In the same way, in the case of the solution of common salt in water, it is necessary to take into account, on the one hand, the formation of compound particles generated by the combination of salt with water, and, on the other, the disintegration or scattering of the new particles formed, as well as of these originally contained. At present we find two currents of thought, apparently antagonistic to each other, dominating the study of solutions: according to the one, solution seems a mere act of building up or association; according to the other, it is only dissociation or disintegration. The truth lies, evidently, between these views; it lies, as I have endeavoured to prove by my investigations into aqueous solutions, in the dynamic equilibrium of particles tending to combine and also to fall asunder. The large majority of chemical reactions which appeared to act victoriously along one line have been proved capable of acting as victoriously even along an exactly opposite line.
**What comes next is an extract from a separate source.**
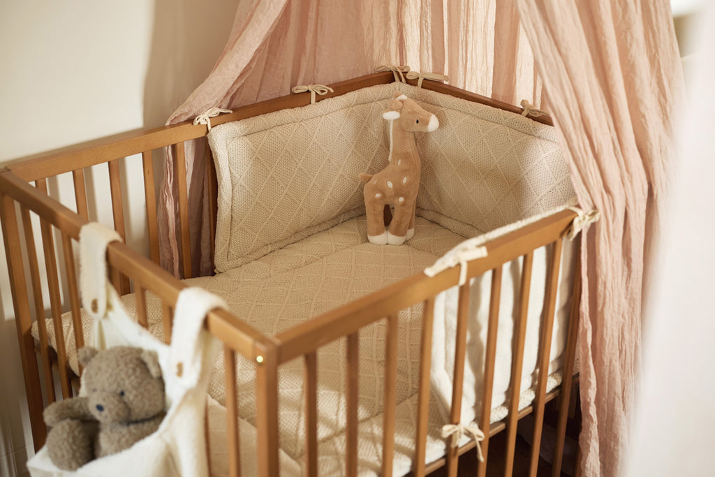 Our Check Knit theme consists of great items made of wonderfully soft knitted fabric with a diamond pattern. The items in this collection have beautiful beige shades such as Biscuit and Oatmeal. Get these awesome checked items and choose between storage baskets, playpen rugs, footmuffs, blankets and bed bumpers. Due to the number of items, you can implement this theme throughout the entire nursery. We love this beautiful luxurious fabric in the most beautiful neutral colours! Are you already a fan of these cuddly items?

Elements which utterly decline to combine directly may often be formed into comparatively stable compounds by indirect means, as, for example, in the case of chlorine and carbon; and consequently the sympathies and antipathies which it was thought to transfer from human relations to those of atoms should be laid aside until the mechanism of chemical relations is explained. Let us remember, however, that chlorine, which does not form with carbon the chloride of carbon, is strongly absorbed, or, as it were, dissolved, by carbon, which leads us to suspect incipient chemical action even in an external and purely surface contact, and involuntarily gives rise to conceptions of that unity of the forces of nature which has been so energetically insisted on by Sir William Grove and formulated in his famous paradox. Grove noticed that platinum, when fused in the oxyhydrogen flame, during which operation water is formed, when allowed to drop into water decomposes the latter and produces the explosive oxyhydrogen mixture. The explanation of this paradox, as of many others which arose during the period of chemical renaissance, has led, in our time, to the promulgation by Henri Sainte-Claire Deville of the conception of dissociation and of equilibrium, and has recalled the teaching of Berthollet, which, notwithstanding its brilliant confirmation by Heinrich Rose and Dr. Gladstone, had not, up to that period, been included in received chemical views.

Chemical equilibrium in general, and dissociation in particular, are now being so fully worked out in detail, and supplied in such various ways, that I do not allude to them to develop, but only use them as examples by which to indicate the correctness of a tendency to regard chemical combinations from points of view differing from those expressed by the term hitherto appropriated to define chemical forces, namely, ‘affinity.’ Chemical equilibria, dissociation, the speed of chemical reactions, thermochemistry, spectroscopy, and, more than all, the determination of the influence of masses and the search for a connection between the properties and weights of atoms and molecules—in one word, the vast mass of the most important chemical researches of the present day—clearly indicate the near approach of the time when chemical doctrines will submit fully and completely to the doctrine which was first announced in the Principia of Newton.